Because Tack Knight already used the name “Little Folks” in his strip, Charles Schulz had to change the name of his strip to “Peanuts” when it became syndicated.
I got a reproduction copy of this book as a door prize years ago at a cartoonist association meeting I went to. I’ve used bits and pieces of it when I taught cartooning to kids – the style is simple and accessible.
Loved it! Even the politically incorrect stuff tickled me because Tack seems to have been such a good natured guy. A real gem.
I have an original copy given to be by my Grandfather! Thanks Pop.

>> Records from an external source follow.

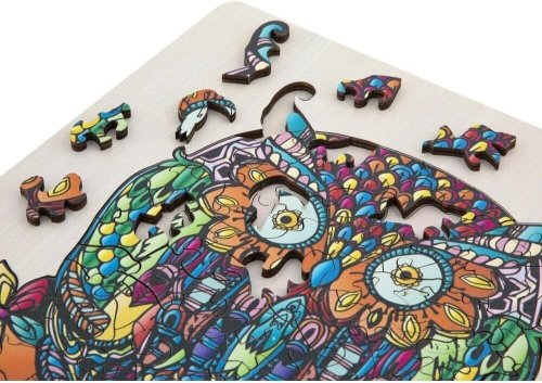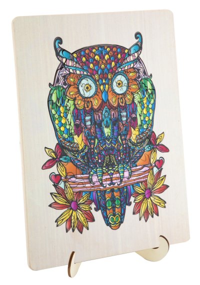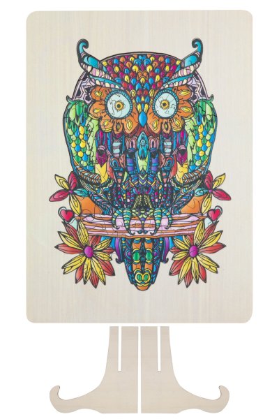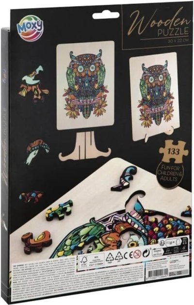 Drevené mozaikové puzzle so stojanom v dizajne Sova. Puzzle sa skladajú zo 132 jedinečne tvarovaných dielikov a zložené puzzle je možné potom umiestniť na priložený drevený stojan. Rozmery: 30 × 22 centimetrov. Vhodné od 7 rokov.
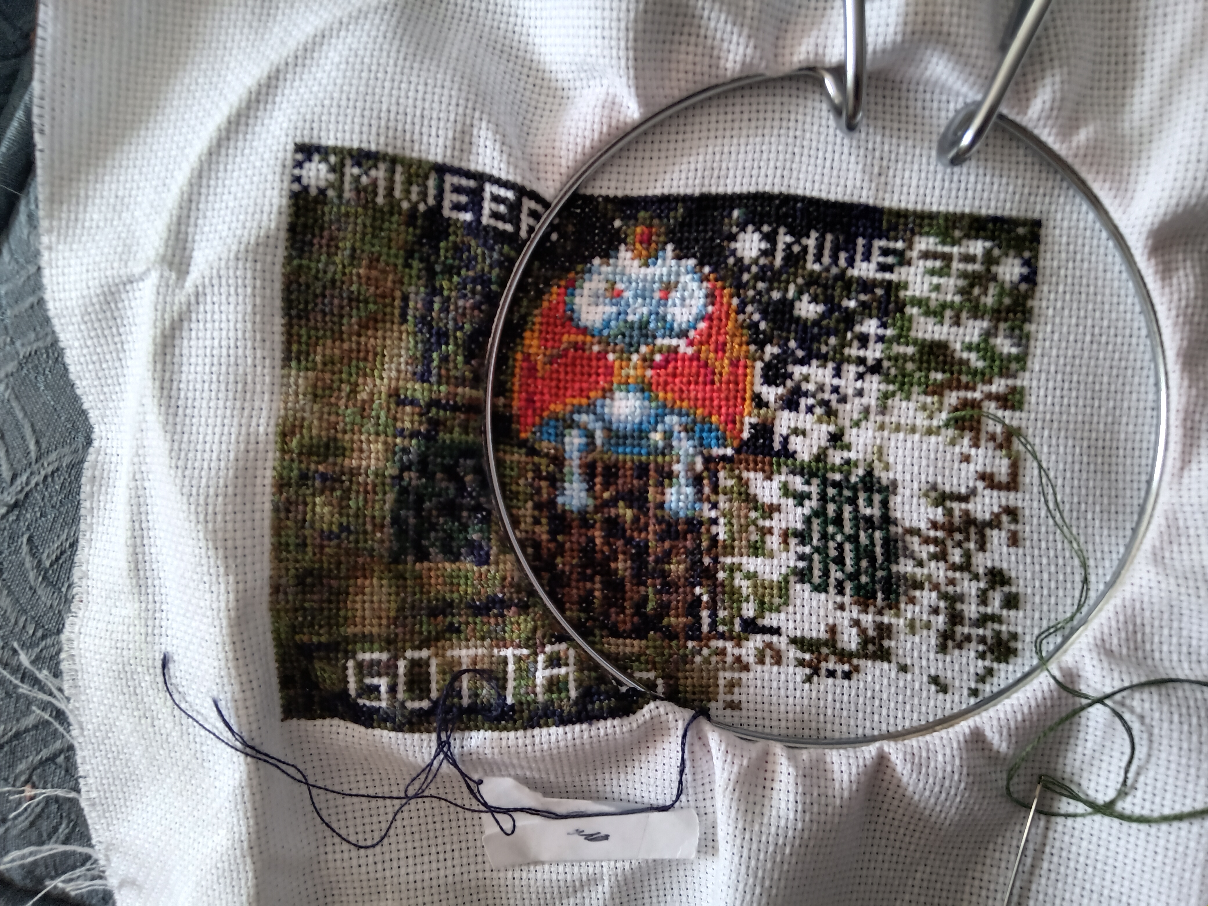 Thank you. :) Not fair to compare the work done in the first pic to the second since the second had essentially an extra week's worth of work done, doing 90 minutes a day rather than 60. But because of that, yeah, we have gotten a lot done. Still a lot of little gaps and spots, but I also see a lot that has filled in. I think because I haven't moved the hoop yet, I'm psyching myself out and I really have done more than I think, but we'll see later this week/next week once we move the hoop up and get the top border identified/stitched. Once I do that, I think I'll have a much better idea of how far along I've come, and how much I still have to do. End of this week would be 5 weeks working on this, or the halfway point, so theoretically, I ought to be about halfway done then. The left side of the O in "go" is our halfway point horizontally and the top of King Zora's legs/base of his body is about the halfway point vertically, so we can see that much of that has been stitched. Whether I fill all that in by the end of the week remains to be seen, but I have done work outside that square, so total number of stitches is near/over halfway already. At this point, unless I start feeling burned out or not enjoying things anymore, I'll keep to 90 minutes a day until we finish and if we wrap up early, so much the better to give The Artery a few extra days to get it framed. But we'll see what the next few weeks bring.
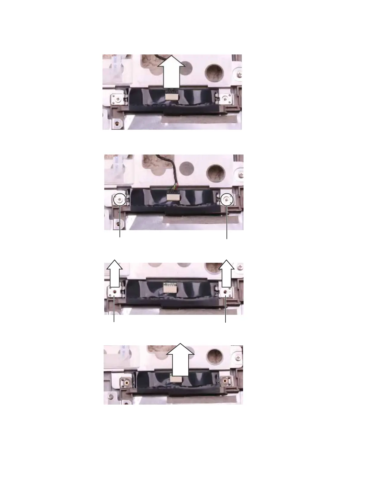 11 Remove the screws from the metal clips covering the ends of the fingerprint reader.
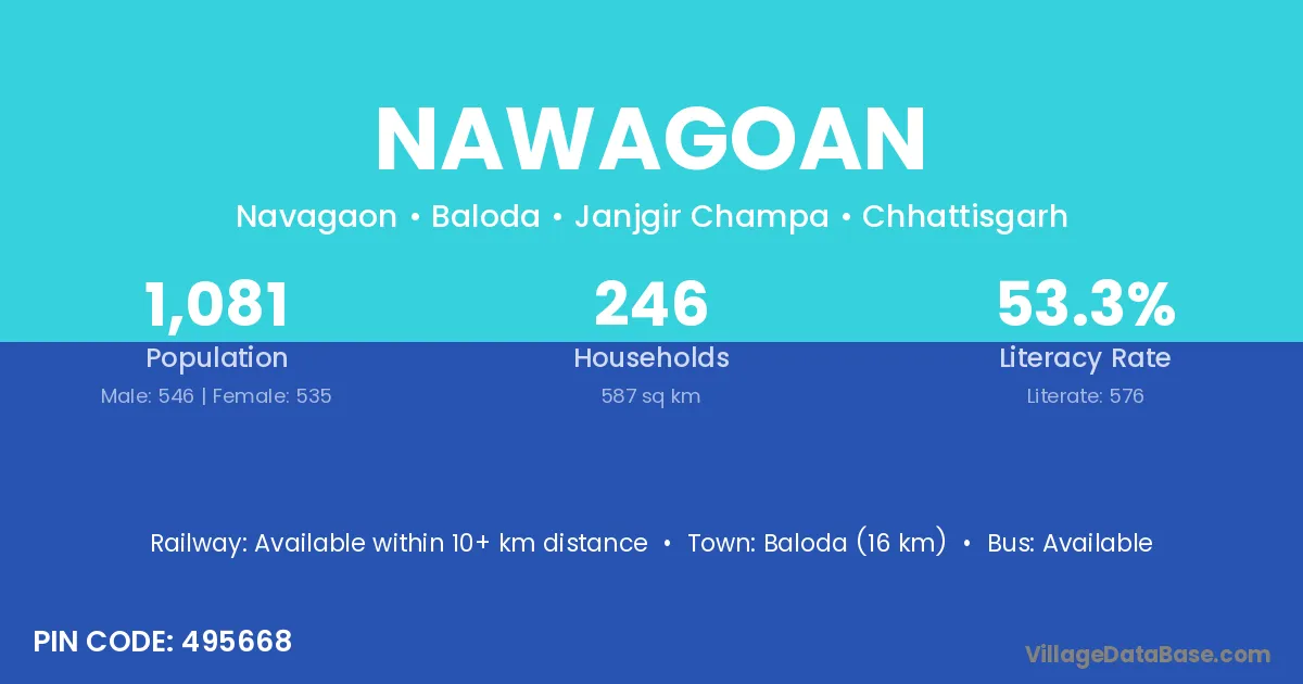The literacy rate of Nawagoan village is 42.79%. Male literacy stands at 54.67% and female literacy at 30.20%.
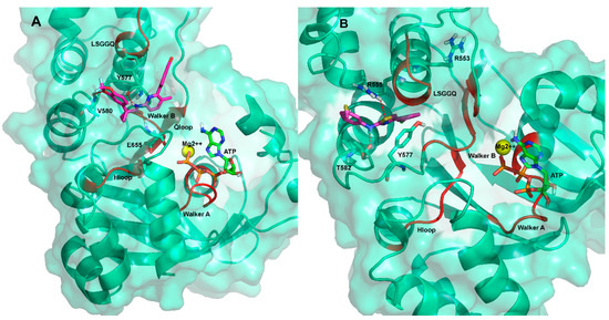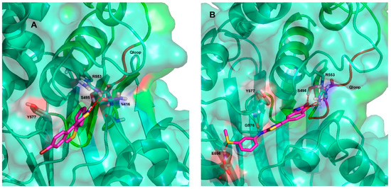 Binding of compound 5 seems to occur in another NBD1 sub-pocket (BSP2) via a network of H-bonds: one between the sulphur atom of the AAT ring and R555, a very important residue of the RXR motif [33], another between the hydrogen of the aminic nitrogen of compound 5 and T582. Also, a π-π interaction between the thiazolic ring of the AAT and Y577 seems to occur that further stabilizes the interaction (Figure 6B and Supplementary Materials, Figure S6).
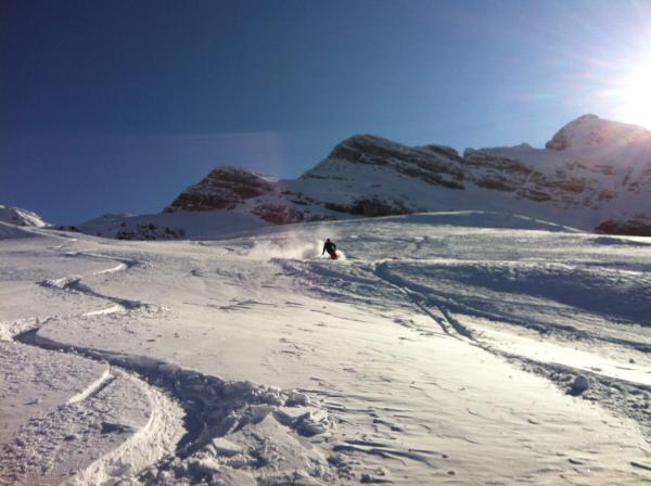 Viel Pulverschnee und wenige Spuren beim Abfahren. Wald teilweise sehr steil, aufpassen beim Routenwahl.
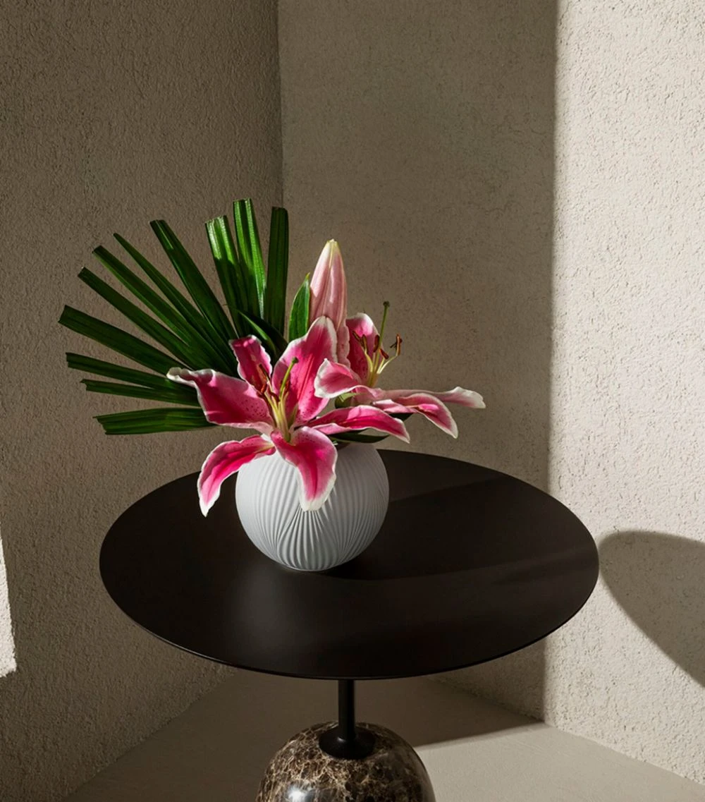 The Jasper Folia Rose bowl from Wedgwood is a spherical design to place contently on carefully curated shelves or windowsills. When accompanied by freshly picked flowers, this design affords a fresh and effortless ambience to your interior as it sits nondescriptly alongside selectively gathered ornaments from your travels.
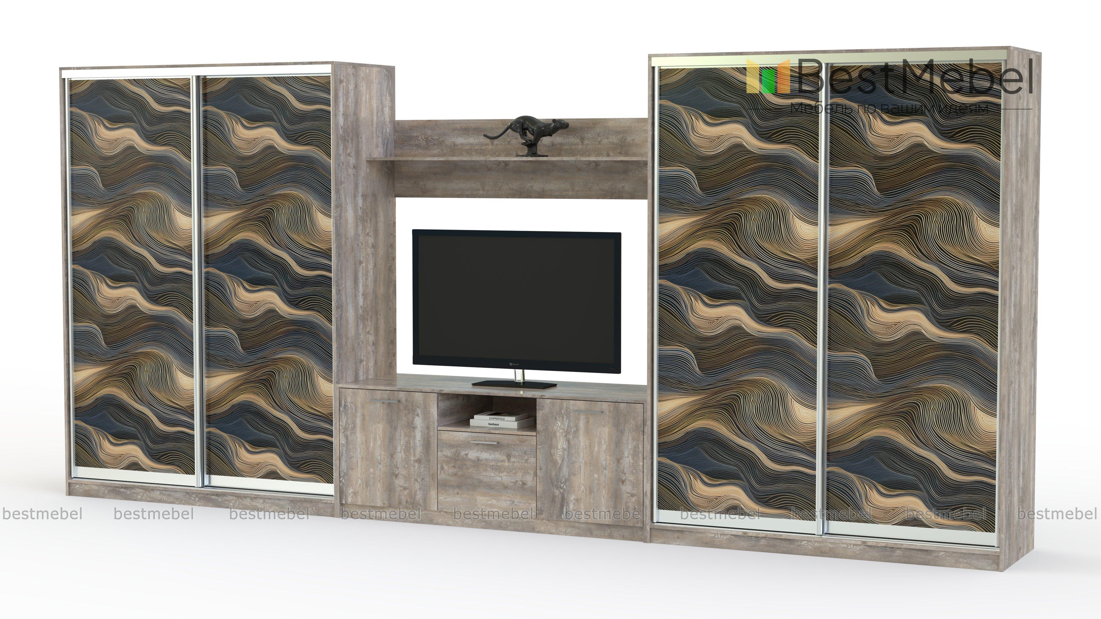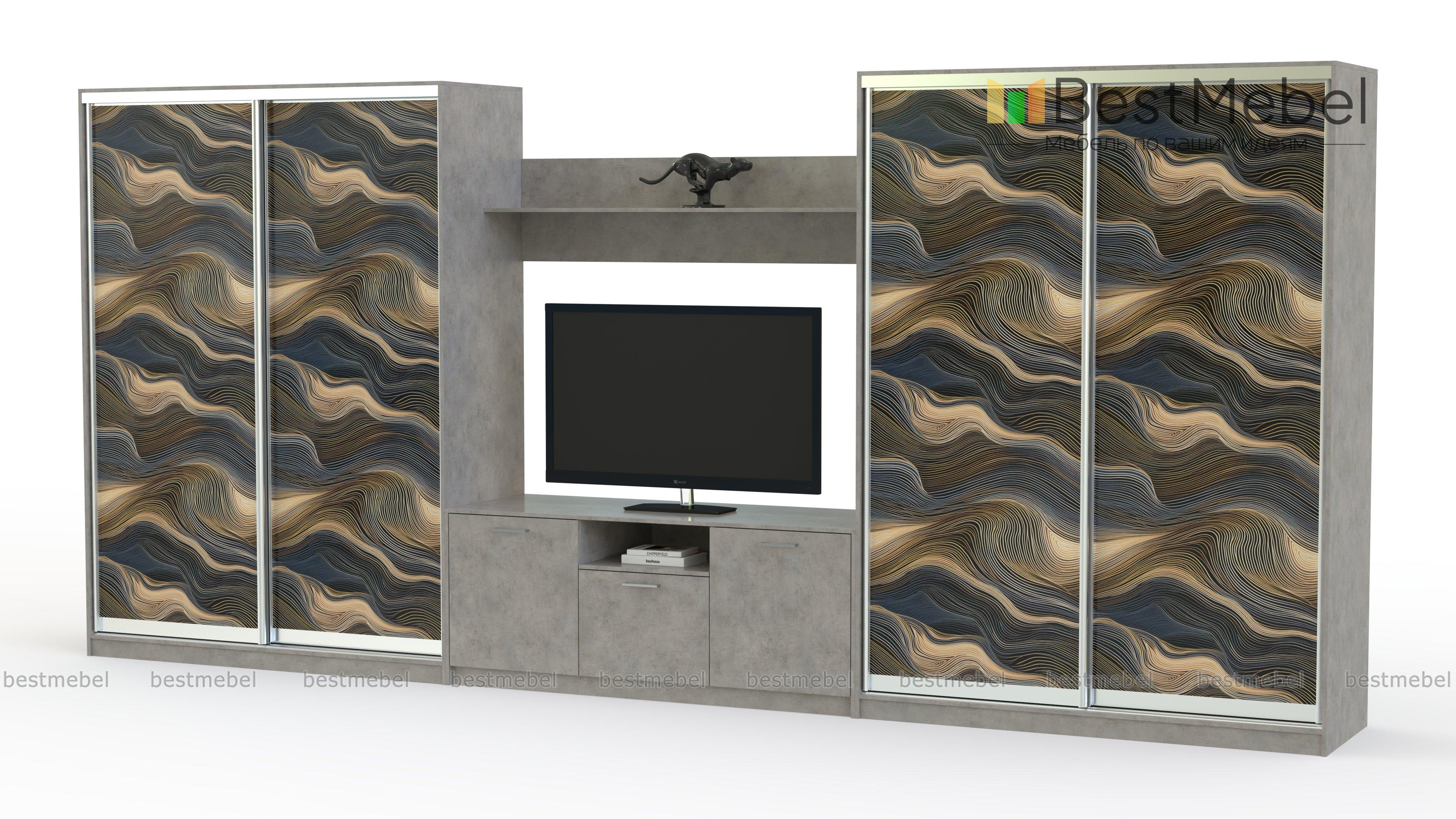Шкаф-купе двойной Сити 24 BMS с минималистичным силуэтом и роскошной фотопечатью имеет модульную конструкцию. Композиция для современной гостиной состоит из двух вместительных платяных шкафов, телевизионной тумбы и навесной полки для книг и интерьерных украшений. Модули простой понятной формы легко комбинируются друг с другом и другой мебелью. Купить шкаф-купе двойной Сити 24 BMS вы сможете на сайте нашего интернет-магазина с выбором фурнитуры и цвета по каталогу.

Actually, a sixth printing from 1923 distributed by Devoe&Raynlds Co.Inc. NY Chicago
I was flipping through Hank Ketcham’s autobiography the other day and he mentions using “Tack” Knight’s Cartoon Tips early on in his career.
I want to download these images in their original size and make them into a PDF, but when I try to download them, I just get a little dot instead of the actual image. This is weird. I can download other images from Flickr with no problem, why can’t I download images from this set?
“TACK”KNIGHT WAS MARRIED TO MY HUSBAND’S AUNT, BERTHA MACDONALD. THEY HAD A DAUGHTER, MARY, WHO DIED AT A YOUNG AGE. AFTER HER DEATH, BERTHA AND “TACK” DIVORCED. WE HAVE SOME OF ORIGINAL HIS ORIGINAL DRAWINGS
Tack was a partner with Pinto Colvig in the Animated Films Corporation in San Francisco. In 1915 they animated the world’s first feature-length cartoon:
http://id.mind.net/~truwe/tina/pintocolvig.html
The film is now lost, but five frames survive in the collection of the Southern Oregon Historical Society, Medford, Oregon.